Lee Langley

On the waterfront | 4 April 2009

Jeff in Venice, Death in Varanasi, by Geoff Dyer

issue 04 April 2009

Geoff Dyer is the least categorisable of writers. Give him a genre and he’ll bend it; pigeonhole him and he’ll break out. Clever, funny, an intellectual with a resolutely bloke-ish stance; irreverent and incorrigibly subversive, this is the man who set off to write a study of D. H. Lawrence and came up with Out of Sheer Rage, a rant against academia in which Lawrence figured as a spear-carrier. His book about jazz, But Beautiful, started life as a critical study, and in its final form combined laconic history with poignant vignettes; short stories that uncovered the heart and soul of the music. Fiction as truth.
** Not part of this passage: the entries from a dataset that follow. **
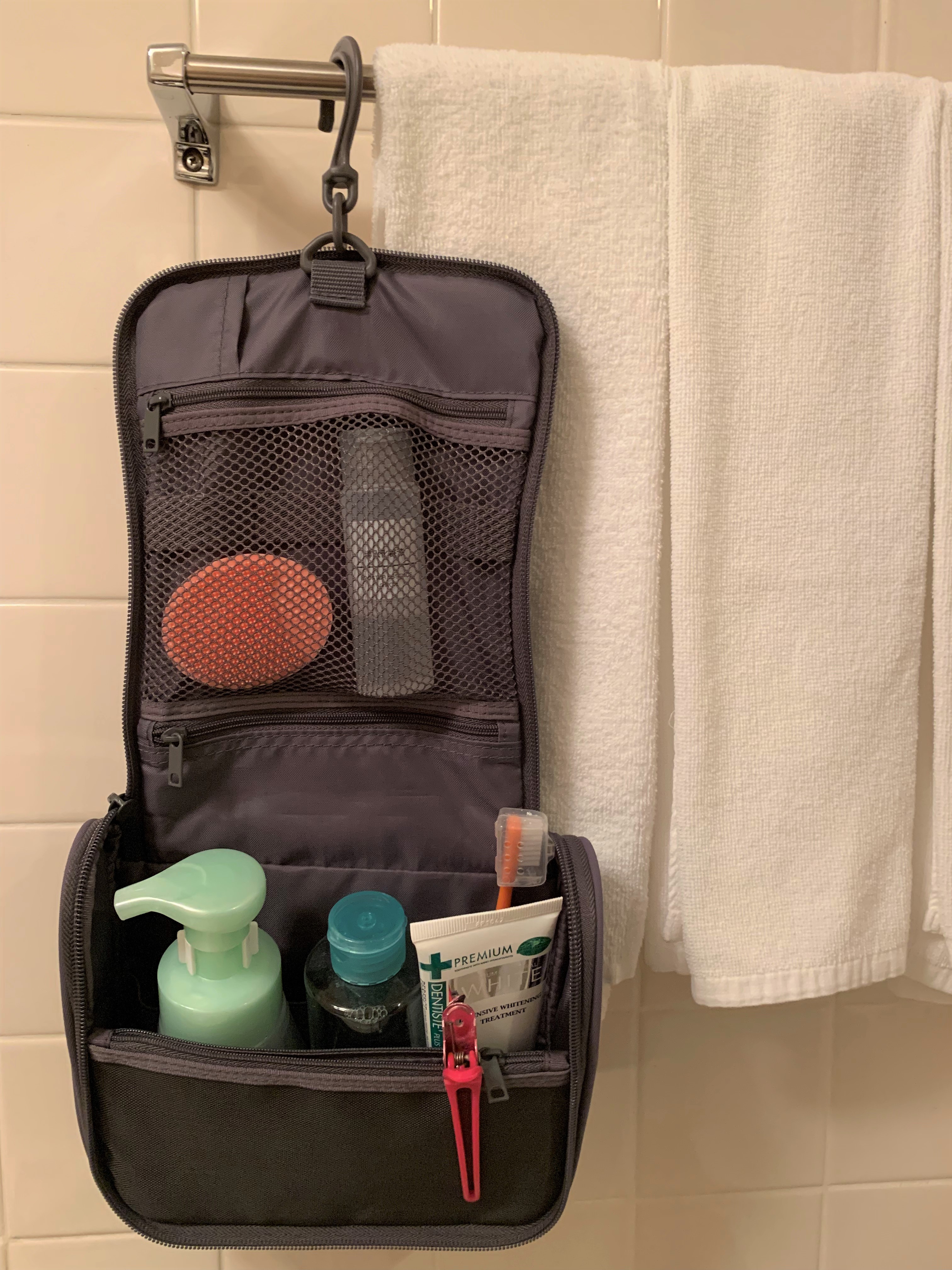 収納力もたっぷりで、ポケットは4つコットンや歯ブラシ、コンタクトケースなどの洗面用品がまとめて収納できます。ブラシを留めておくゴムもついているのでぐちゃぐちゃになりません。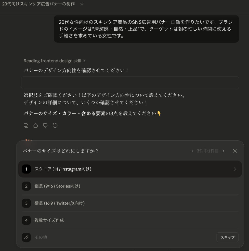 入力例: 「20代女性向けのスキンケア商品のSNS広告用バナー画像を作りたいです。ブランドのイメージは"清潔感・自然・上品"で、ターゲットは朝の忙しい時間に使える手軽さを求めている女性です。」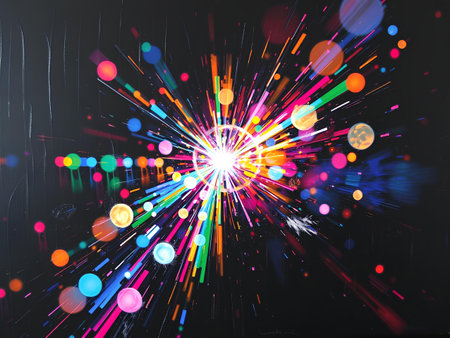 A stunning visual of a colorful explosion showcasing vibrant light particles against a dark background, perfect for abstract design or dynamic themes.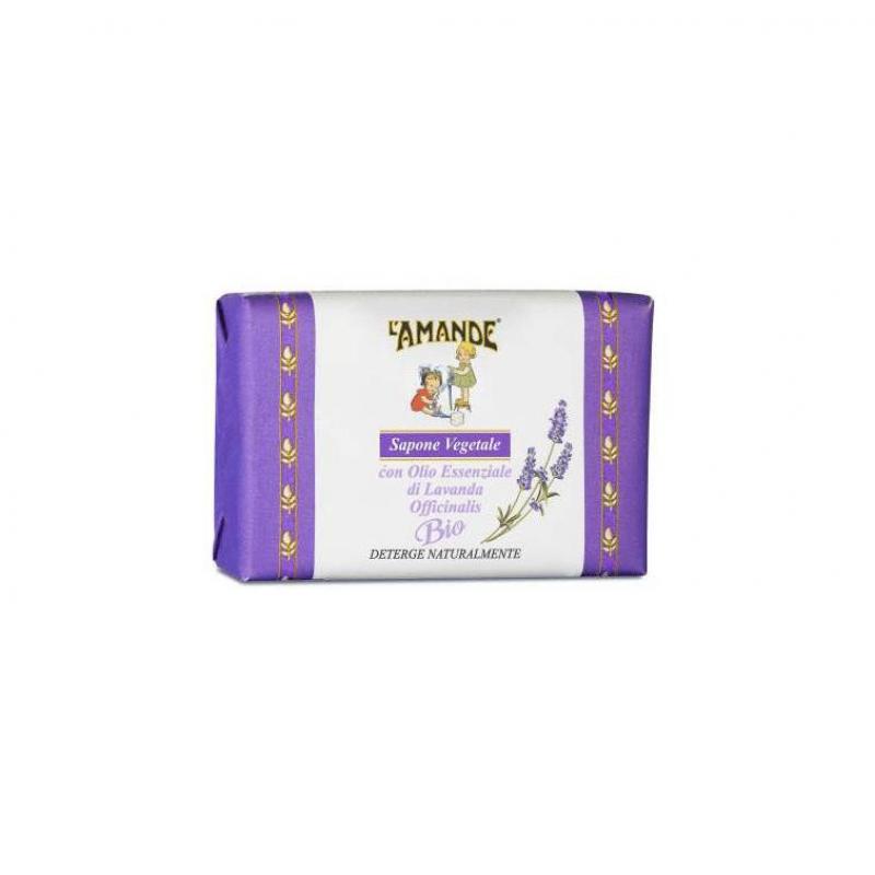 Sapone purissimo L’Amande Marseille 100% vegetale, arricchito dall’olio essenziale di Lavanda Officinalis del Piemonte Bio dalle note proprietà rilassanti ed emollienti. Neutro, senza alcali liberi è indicato per le pelli più delicate. La sua schiuma morbida e cremosa dal profumo di lavanda vi regalerà un momento di vero relax. Non contiene coloranti, conservanti. Dermatologicamente testato. Made in italy.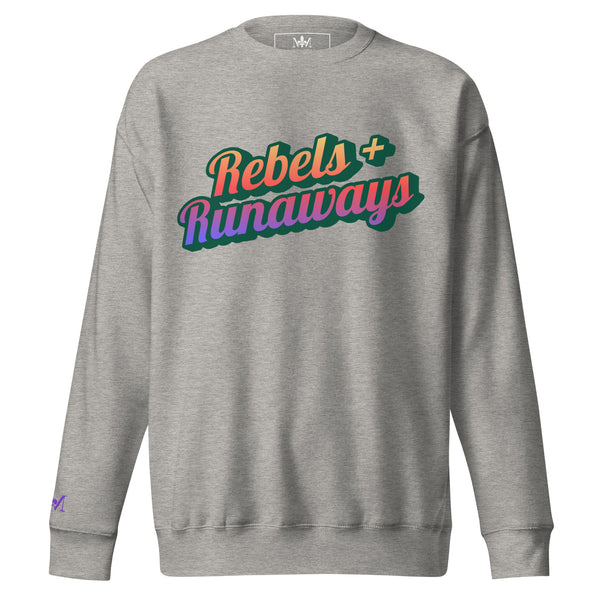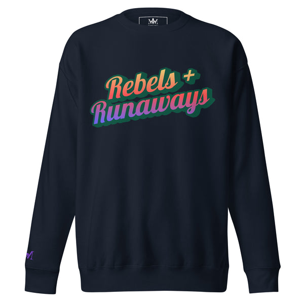 Rock your love of the Rebels + Runaways community in this classic sweatshirt complete with an embroidered Meghan March logo in purple, ribbed crew neck, long sleeve cuffs, and a flat hem. With the soft fleece inside and comfortable fit, it will become your favorite everyday shirt! Be sure and grab the matching sweatpants HERE!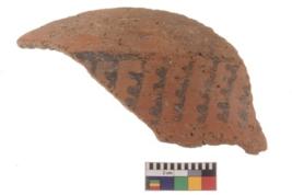 | Description / विवरण | Specimen of black on red ware with black decorative Parallel cross spike lines geometric painting. |

His most beguiling book, Yoga for People Who Can’t Be Bothered to Do It, was a collection of anti-travel articles and mood pieces, with some hair-raising, first-hand drug-taking stuff, and an essay on Leptis Magna that managed to be simultaneously insightful, thought-provoking and hilarious.

Dyer is more than a cult writer; he’s a virus, invading your system. You look at things differently, embracing the idiosyncratic, keeping the obvious at bay. Jeff in Venice, Death in Varanasi is his latest oddity. So where does it figure in the Dyerarchy? Described as a novel, it is in fact two novellas, set in two cities, linked only (unless I’m missing something) by the fact that the central figure is a journalist in town to write a commissioned piece. Dyer himself has called it a diptych.

Jeff in Venice begins with Jeff Atman setting out to cover the Biennale for a magazine called Kulchur. He is forty-something, tall, thin, consumed with anxieties about everything: status, job, mortality, party invitations … Worried about going grey, he asks if the hairdresser can dye his hair.

‘Yes’ he said, ‘Dyeing is an art like everything else.